宇宙には金のような資源があるかもしれないが、この新ビジネスにかける投資家が注目するのは水を確保できるかどうかだ。NASAは10年以内に小惑星に宇宙飛行士を送る計画を立てているほか、2030年代に火星へと飛行士を送る計画も進めており、この産業に対する政府機関の見通しは明るい。
小惑星での資源採掘を狙う米ベンチャー企業のディープ・スペース・インダストリーズ(DSI)は、2016年に小型の衛星を打ち上げ、調査に適した小惑星を探す予定だ。小惑星に含まれる水素と酸素を使ってロケットの燃料を再補給できるようにすることが最優先の課題となっている。
また別の米ベンチャー企業プラネタリー・リソーシズも同年、小惑星探査を目的とした宇宙船を打ち上げることにしている。同社の共同創設者エリック・アンダーソン氏は「小惑星は手の届くところにある太陽系の果実だ。小惑星に向かうのも、そこから帰ってくるのもそれほど難しくはない」と語った。
<水素と酸素>
一方、地球上に落下してくる隕石にも、プラチナやロジウム、イリジウムや金などの貴重な金属が豊富に含まれている。プラネタリー・リソーシズによると、プラチナを多く含んだ直径500メートルほどの小惑星なら、地球にある白金族金属の全備蓄を上回る分量を含有している可能性があるという。さらに鉄鉱も宇宙の方が豊富に存在するとした研究結果もある。
調査会社バーンスタインによれば、火星と木星の間にある直径約200キロメートルの小惑星「プシケ」にはニッケルと鉄の合金が多く含まれている可能性が高く、これは現在人類が必要とする量の数百万年分に相当する。
ただ専門家は、これらの資源を地球に持ち帰るためのコストや技術的な面が問題だと指摘する。小惑星での資源採掘は、将来の宇宙旅行のために役立てられるというところに真の価値があり、金属と同様に水素と酸素の存在も魅力的だと言える。
水素と酸素が化合して水を生成する時に生まれるエネルギーは、ロケットの推進力となる。小惑星で見つかった化合物に水素と酸素が含まれていれば、火星やそれ以上離れた場所に向かう際に燃料を補給する基地を建設したり、衛星の寿命を延ばすための中継地を作ったりすることができる。

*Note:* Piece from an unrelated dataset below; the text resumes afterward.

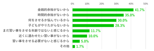 また習い事に通わせていないと答えた方に理由を訊いたところ、金銭的理由が41.7%と最も多い結果となりました。家庭の事情で子どもに習い事をさせられないといった課題があるようです。逆に「習い事をさせる必要がない」と答えた方は全体の5.0%で、子どもの教育のためになんらかの習い事をさせるべきだと考えている保護者が多いことが伺えました。
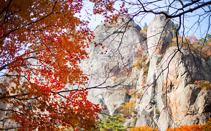Núi Seoraksan, tỉnh Gangwon: Nằm ở phía Đông Seoul, cách thủ đô Hàn Quốc 2,5 tiếng di chuyển bằng ôtô. Núi Seoraksan là một trong những nơi đầu tiên ở nước này chứng kiến lá đổi màu khi sang thu. Du khách tới đây rất đông để ngắm cảnh vào dịp cuối tuần. Nếu có dự định đến Seoraksan, bạn nên lên kế hoạch trước tránh gặp cảnh tắc đường khi lên núi. Ảnh: Visitkorea.

DSIの取締役リック・タムリンソン氏は、「われわれはいずれ、宇宙での『オアシス』のような存在になるだろう。それは空気や燃料を提供できる場所で、言うなればガソリンスタンドのようなものだ」と述べた。
<宇宙で燃料補給>
DSIは2016年初めに「ファイヤーフライズ」と呼ばれるカメラを打ち上げる予定で、撮影した写真によって科学者が小惑星の構成要素を見極められるようになるという。同社のデービッド・ガンプ最高経営責任者(CEO)によれば、第一段階は約2000万ドルのコストがかかる見込みだという。
その1年後には、より大型の宇宙船を打ち上げ、2─3年のミッションで小惑星に着陸してサンプルを持ち帰る予定だ。中でも最もドラマチックなのは、この大型宇宙船で小惑星をキャッチして軌道を変え、2021年までに地球の周回軌道上に乗せるという計画だ。DSIは宇宙に建造物を造るため、燃料の生成のほかニッケルと鉄の採掘を行う方針で、ガンプCEOは「もし宇宙で資源を作り出すことができれば、火星探査を行うNASAにとってもコスト削減につながる。すべてを地上から打ち上げるには多くの費用がかかるからだ」と述べた。
一方、プラネタリー・リソーシズは、地球と月の間で小惑星を研究するため、宇宙に望遠鏡を打ち上げることにしている。その後は、より遠くにある無数の小惑星のデータを集めるため、レーザーを搭載した宇宙船も打ち上げる予定だ。
同社のアンダーソン氏は、「われわれは2020年までに宇宙で小惑星の資源を加工することができるようになっており、宇宙空間で初の燃料補給基地ができているはずだ」と語る。
小惑星探査は、利益を生み出すという点で投資家の注目を集めているが、一方でこのビジネスは全人類にとっても関係があるものだ。
かつて地球では、大型の小惑星が衝突したことによって起きた気候変動で恐竜が絶滅した可能性があり、NASAでは将来こうしたことが再び起きるのではないかと真剣に頭を悩ませている。
鉱山技師でエコノミストのブラッド・ブレア氏は、「人類が生き残るためには小惑星の問題に取り組まなければならない。なぜなら地球を死の星にしてしまうほどの大きな小惑星は、統計的に見ていつか必ずやってくるからだ」と語った。